For the second time in a week, a Latin American Supreme Court justice has denounced a left-wing authoritarian president. This time the country is Nicaragua – and this time the judge is calling the regime "a state of terror."
Rafael Solís is, or was, a justice on the Supreme Court of Nicaragua – a court considered a lapdog of leftist President Daniel Ortega. It’s the same Supreme Court that critics say trashed Nicaragua’s Constitution to let Ortega run for re-election as many times as he wants.
But Ortega’s increasingly brutal authoritarian rule was too much for even Justice Solís. In a scorching resignation letter this week, Solís accused the president of turning Nicaragua into a “state of terror.” He said Ortega has used “bloodshed and fire” to crush protests demanding his resignation.
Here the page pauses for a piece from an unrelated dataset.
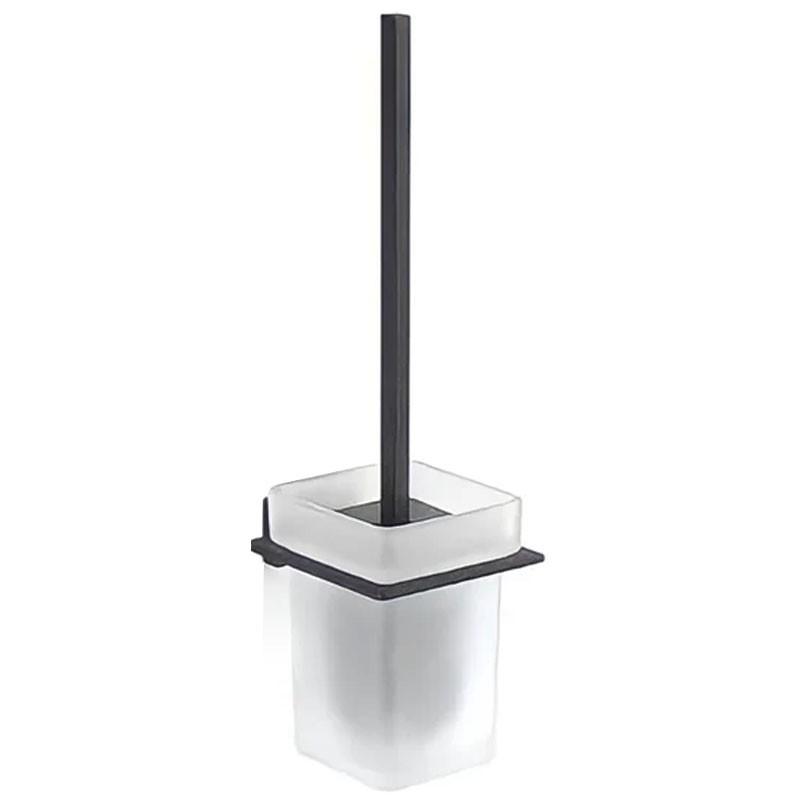 Pot à balai mural Gedy Atena noir mat, avec récipient en verre dépoli, en acier et Cromall, dimensions 10,2x12x37,5cm.

Human rights groups estimate Ortega’s security forces have killed more than 300 protesters in the past nine months, and journalists are being jailed. Solís said as a result Nicaragua is moving toward “total economic chaos” and “civil war.”
Earlier this week a justice of Venezuela’s Supreme Court – a bench considered a rubber stamp for socialist President Nicolás Maduro – defected to Miami. Christian Zerpa said he opposed Maduro’s unconstitutional re-election last year and his re-inauguration this week.